> _Work instruction_
The full listing is to be returned exactly as given, but without pictures.

****************************************

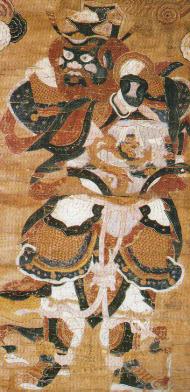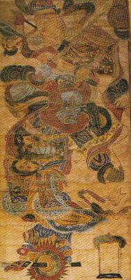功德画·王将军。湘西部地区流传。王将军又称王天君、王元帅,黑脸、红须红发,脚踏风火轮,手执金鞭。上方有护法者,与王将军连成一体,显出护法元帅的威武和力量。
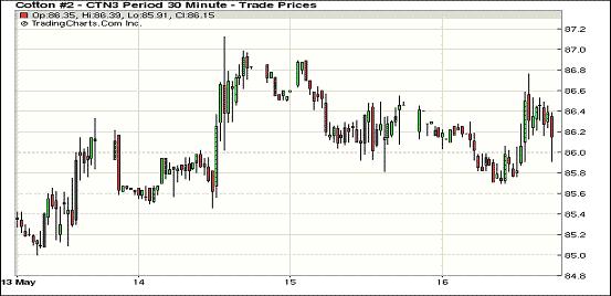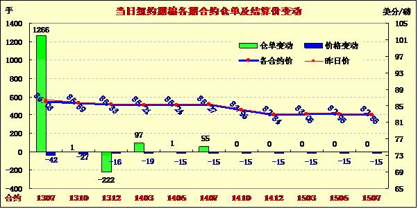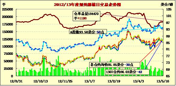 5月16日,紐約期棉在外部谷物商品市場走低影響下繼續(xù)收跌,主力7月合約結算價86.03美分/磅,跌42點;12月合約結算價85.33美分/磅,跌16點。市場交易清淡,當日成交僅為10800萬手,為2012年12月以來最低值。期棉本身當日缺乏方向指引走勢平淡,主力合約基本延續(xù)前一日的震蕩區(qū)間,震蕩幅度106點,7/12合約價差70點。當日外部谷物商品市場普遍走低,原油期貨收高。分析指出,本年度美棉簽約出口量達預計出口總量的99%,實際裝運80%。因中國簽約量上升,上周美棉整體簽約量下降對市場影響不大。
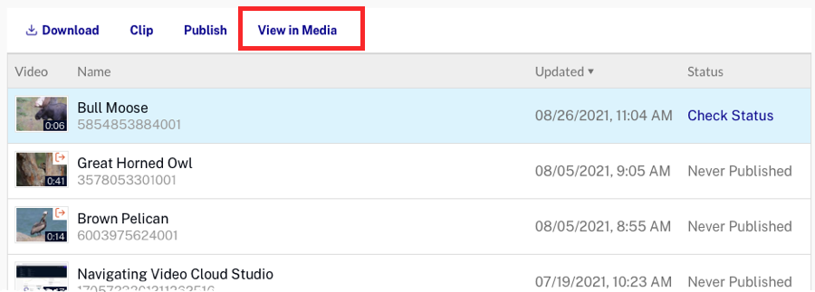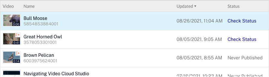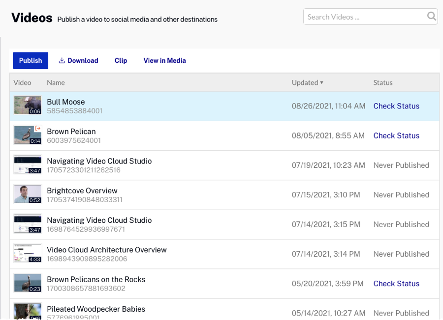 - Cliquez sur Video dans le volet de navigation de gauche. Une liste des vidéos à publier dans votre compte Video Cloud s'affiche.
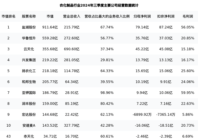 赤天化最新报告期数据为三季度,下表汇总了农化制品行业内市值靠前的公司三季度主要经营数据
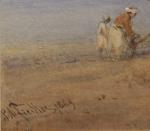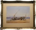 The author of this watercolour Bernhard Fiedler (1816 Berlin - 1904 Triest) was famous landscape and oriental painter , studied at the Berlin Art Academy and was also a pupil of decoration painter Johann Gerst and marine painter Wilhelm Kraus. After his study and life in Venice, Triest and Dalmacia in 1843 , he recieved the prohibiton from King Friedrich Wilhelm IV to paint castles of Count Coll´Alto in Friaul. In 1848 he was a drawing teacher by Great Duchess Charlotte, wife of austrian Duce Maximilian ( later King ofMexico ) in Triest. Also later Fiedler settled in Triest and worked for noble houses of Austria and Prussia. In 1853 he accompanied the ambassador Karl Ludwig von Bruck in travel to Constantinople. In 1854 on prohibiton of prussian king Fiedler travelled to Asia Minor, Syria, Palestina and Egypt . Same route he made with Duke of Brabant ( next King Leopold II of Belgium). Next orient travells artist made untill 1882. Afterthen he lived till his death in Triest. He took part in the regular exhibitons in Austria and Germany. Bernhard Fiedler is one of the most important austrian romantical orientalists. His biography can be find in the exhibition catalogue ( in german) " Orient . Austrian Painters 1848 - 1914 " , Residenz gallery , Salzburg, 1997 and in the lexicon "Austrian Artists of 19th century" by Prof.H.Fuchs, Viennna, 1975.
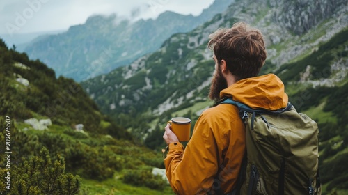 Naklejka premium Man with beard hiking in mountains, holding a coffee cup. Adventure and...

****************************************

> _Written solution_
功德画·王将军。湘西部地区流传。王将军又称王天君、王元帅,黑脸、红须红发,脚踏风火轮,手执金鞭。上方有护法者,与王将军连成一体,显出护法元帅的威武和力量。
 5月16日,紐約期棉在外部谷物商品市場走低影響下繼續(xù)收跌,主力7月合約結算價86.03美分/磅,跌42點;12月合約結算價85.33美分/磅,跌16點。市場交易清淡,當日成交僅為10800萬手,為2012年12月以來最低值。期棉本身當日缺乏方向指引走勢平淡,主力合約基本延續(xù)前一日的震蕩區(qū)間,震蕩幅度106點,7/12合約價差70點。當日外部谷物商品市場普遍走低,原油期貨收高。分析指出,本年度美棉簽約出口量達預計出口總量的99%,實際裝運80%。因中國簽約量上升,上周美棉整體簽約量下降對市場影響不大。
 - Cliquez sur Video dans le volet de navigation de gauche. Une liste des vidéos à publier dans votre compte Video Cloud s'affiche.
 赤天化最新报告期数据为三季度,下表汇总了农化制品行业内市值靠前的公司三季度主要经营数据
 The author of this watercolour Bernhard Fiedler (1816 Berlin - 1904 Triest) was famous landscape and oriental painter , studied at the Berlin Art Academy and was also a pupil of decoration painter Johann Gerst and marine painter Wilhelm Kraus. After his study and life in Venice, Triest and Dalmacia in 1843 , he recieved the prohibiton from King Friedrich Wilhelm IV to paint castles of Count Coll´Alto in Friaul. In 1848 he was a drawing teacher by Great Duchess Charlotte, wife of austrian Duce Maximilian ( later King ofMexico ) in Triest. Also later Fiedler settled in Triest and worked for noble houses of Austria and Prussia. In 1853 he accompanied the ambassador Karl Ludwig von Bruck in travel to Constantinople. In 1854 on prohibiton of prussian king Fiedler travelled to Asia Minor, Syria, Palestina and Egypt . Same route he made with Duke of Brabant ( next King Leopold II of Belgium). Next orient travells artist made untill 1882. Afterthen he lived till his death in Triest. He took part in the regular exhibitons in Austria and Germany. Bernhard Fiedler is one of the most important austrian romantical orientalists. His biography can be find in the exhibition catalogue ( in german) " Orient . Austrian Painters 1848 - 1914 " , Residenz gallery , Salzburg, 1997 and in the lexicon "Austrian Artists of 19th century" by Prof.H.Fuchs, Viennna, 1975.
 Naklejka premium Man with beard hiking in mountains, holding a coffee cup. Adventure and...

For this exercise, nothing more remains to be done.